UChicago Pritzker Molecular Engineering Prof. Y. Shirley Meng’s Laboratory for Energy Storage and Conversion has created the world’s first anode-free sodium solid-state battery.
With this research, the LESC – a collaboration between the UChicago Pritzker School of Molecular Engineering and the University of California San Diego’s Aiiso Yufeng Li Family Department of Chemical and Nano Engineering – has brought the reality of inexpensive, fast-charging, high-capacity batteries for electric vehicles and grid storage closer than ever.
“Although there have been previous sodium, solid-state, and anode-free batteries, no one has been able to successfully combine these three ideas until now,” said UC San Diego PhD candidate Grayson Deysher, first author of a new paper outlining the team’s work.
The paper, published today in Nature Energy, demonstrates a new sodium battery architecture with stable cycling for several hundred cycles. By removing the anode and using inexpensive, abundant sodium instead of lithium, this new form of battery will be more affordable and environmentally friendly to produce. Through its innovative solid-state design, the battery also will be safe and powerful.
This work is both an advance in the science and a necessary step to fill the battery scaling gap needed to transition the world economy off of fossil fuels.

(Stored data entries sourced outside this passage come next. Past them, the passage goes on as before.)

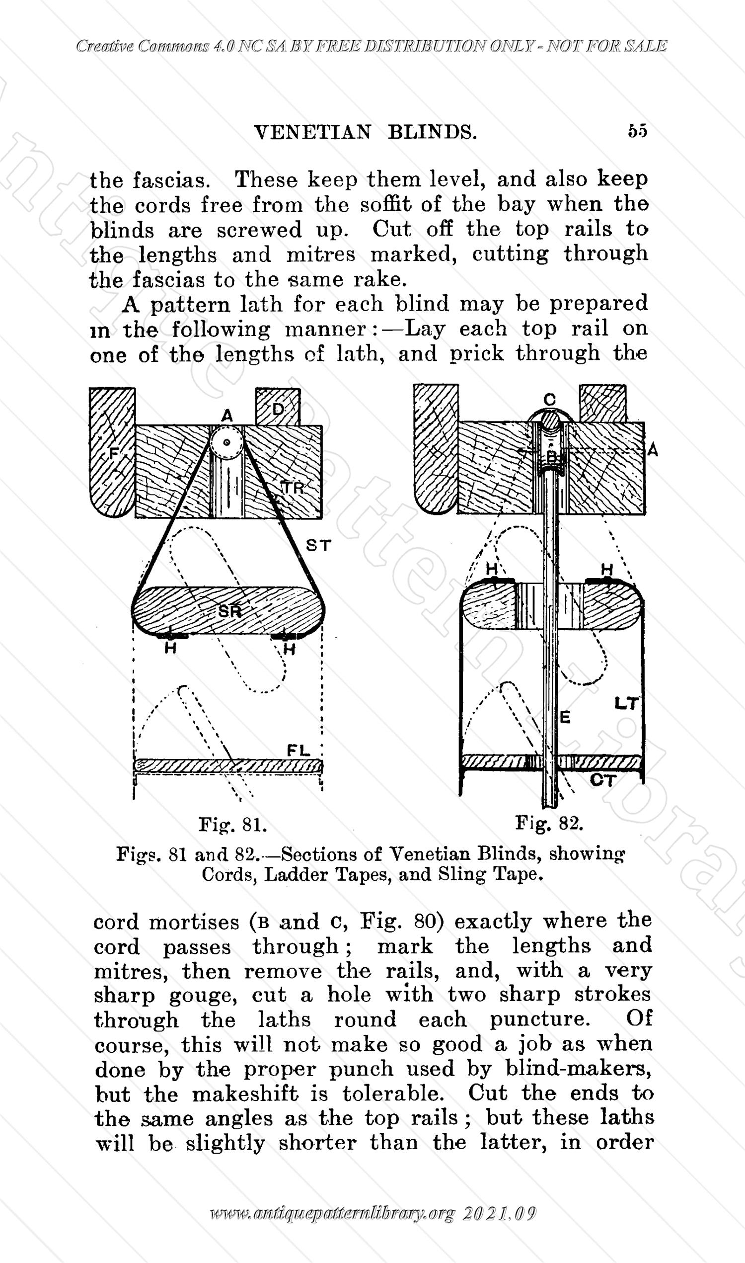 Small hardcover, 160 pages. Instructions on how to make and fix various types of blinds. Focused on hardware and woodwork, no textile patterns given. Contents: Roller Blinds, Spring Blind-rollers, Venetian Blinds, Dwarf Venetian Blinds, Venetian Shutters, Outside Sun-blinds, Spanish Blinds, Florentine Blinds, Oriental Blinds, Helioscene Blinds, Festoon Blinds, Shop Front Blinds, Wire Blinds, Glass Blinds.
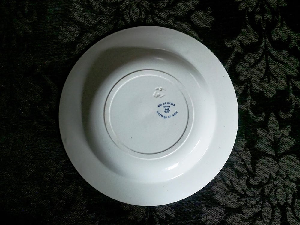 バックスタンプの”Terre de Fer"というのは半磁器半陶器の総称で、陶土に石英や長石を加えて強度を高めて造られました
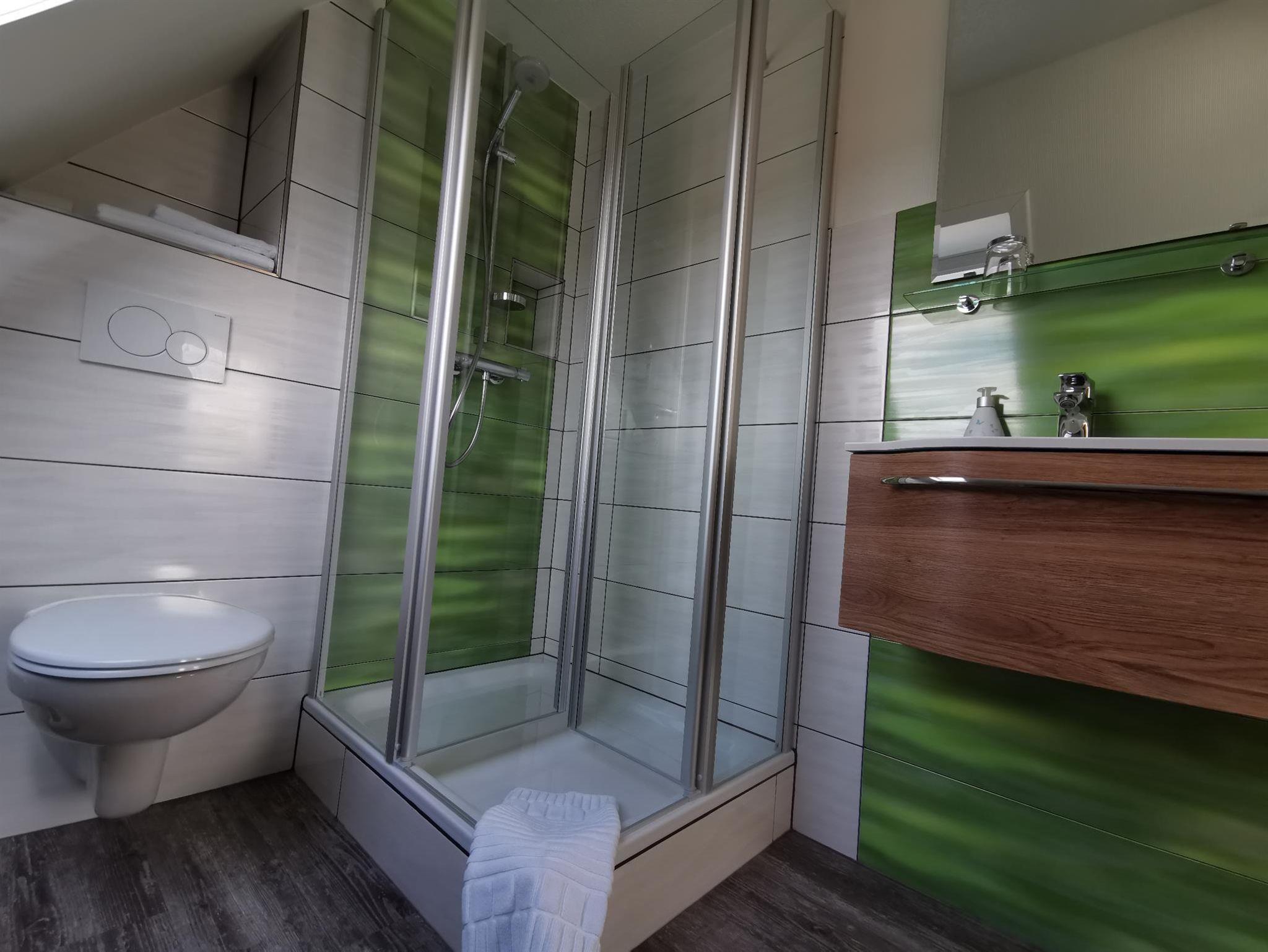 Doppelzimmer ca. 14 m² groß mit großer Dusche und WC
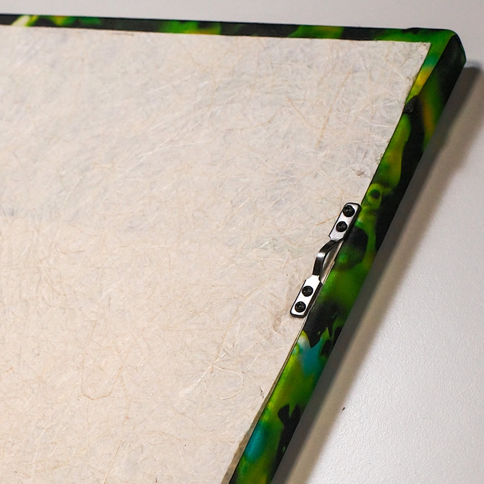 背面に使用している和紙は、江戸時代から続く和紙問屋 "小津和紙" で製作された高品質な和紙です。調湿/防虫などに優れ、アートの保管にも適した素材を採用いたしました。
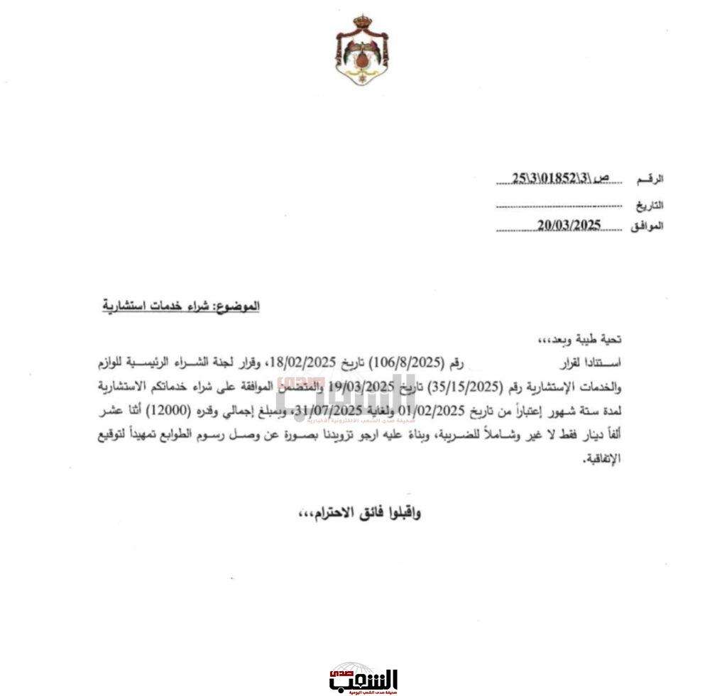 العصفورة أشارت أن هذا القرار جاء بطلب من رئيس المؤسسة مطالباً الحكومة بالإيعاز لمن يلزم بالموافقة رغم أن القرار أتخذ من قبل الرئيس بحسب الوثيقة التي حصلت عليها (صدى الشعب) إلا أن الكتاب يطلب شراء خدمات المستشار اعتباراً من 1-2- 2025 الماضي و حتى 31 -7-2025، فيما يحمل تاريخ 20-3-2025، و السؤال هنا، لماذا تأخر القرار قرابة الشهرين.. تسأل العصفورة و تستفسر ما الذي كان يمنع ؟
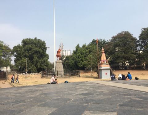 昨天经过漫长的旅行,往返各两小时从浦那Baramati乡村回到酒店,路经一片古堡,问司机才知是Shaniwar宫。翌日,热心的酒店服务员得知我要游览此古堡,详细解说游览路线,离酒店仅两公里,我决定步行前往。7点半出发,清晨的浦那已略有热意,经过一个博物馆,想进去看看,守门人说9点才开放,继续前行至一河边,看见衣衫褴褛之人,老老小小在河岸,或卧或坐。问一老者路,老者反问我从何来,告知,原来他之前在深圳待了6个月,后随其女回印度。来到Shanivar,首先映入眼帘的是宫旁耸立的一棵树,硕大无比,目视树根足供两到三名大汉合抱。等到9点,宫门打开,外国人买票需要200卢比,本地人象征性收几卢比。
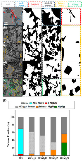 Surface microstructures of the samples with the different phase regions marked: (a) AlSi; (b) AlSiMg5; (c) AlSiMg10; (d) AlSiMg15; (e) AlSiMg20. (f) Volume-fraction plot of the samples.

Sounds promising, but we need Wh/kg and W/kg numbers to see if the performance is any good.
If I’m reading figure 1b from the pre per review paper correctly, it looks like they might be very good. But I didn’t see any actual measurements in the paper.
Last time the subject of sodium batteries came up, someone mentioned that the application for them makes that less important that it otherwise would be. Again, this is second hand, so take it with a grain of salt, but for the kind of mass storage they’re intended for, they can be less capable than lithium batteries and still be a better choice, if they’re designed right.
I normally don’t like horning in with second hand crap, and I can’t find the post, but it made sense the way it was explained. The sodium batteries would be used for storage from solar or other power generation, and that allows for less efficiency being needed since it will scale better in terms of being able to have enough of them on demand compared to lithium batteries.
Again, please anyone reading this, don’t take it as a truth, it’s just a casual, unverified statement of what someone else said, done for the sake of conversation.
Yeah, with articles about batteries the attributes they don’t talk about are usually pretty bad.
They mention low cost high energy density and fast charging, (which are the big three) but they don’t give test numbers for any of them.
Number of charge cycles it can take is a biggie as well.